* Extracted data
■ ■ ■ ■ ■ ■ ■

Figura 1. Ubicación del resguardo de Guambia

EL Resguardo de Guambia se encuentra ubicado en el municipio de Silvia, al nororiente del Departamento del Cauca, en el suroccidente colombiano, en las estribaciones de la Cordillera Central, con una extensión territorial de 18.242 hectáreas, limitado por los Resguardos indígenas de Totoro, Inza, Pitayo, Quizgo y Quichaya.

■ ■ ■ ■ ■ ■ ■

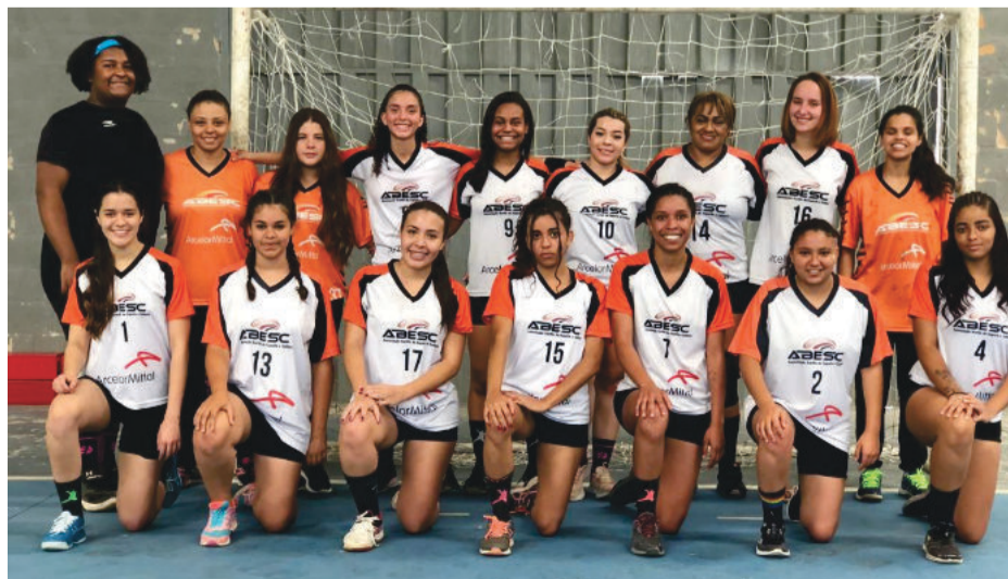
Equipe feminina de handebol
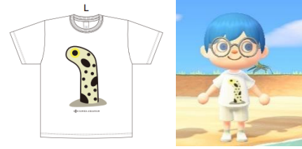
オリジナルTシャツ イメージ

■ ■ ■ ■ ■ ■ ■

* The task
Within the material above, the line with "Figura 1. Ubicación del resguardo de Guambia" opens the range and the line with "EL Resguardo de Guambia se" closes it; reproduce that range word for word.

* Answer box
Figura 1. Ubicación del resguardo de Guambia

EL Resguardo de Guambia se encuentra ubicado en el municipio de Silvia, al nororiente del Departamento del Cauca, en el suroccidente colombiano, en las estribaciones de la Cordillera Central, con una extensión territorial de 18.242 hectáreas, limitado por los Resguardos indígenas de Totoro, Inza, Pitayo, Quizgo y Quichaya.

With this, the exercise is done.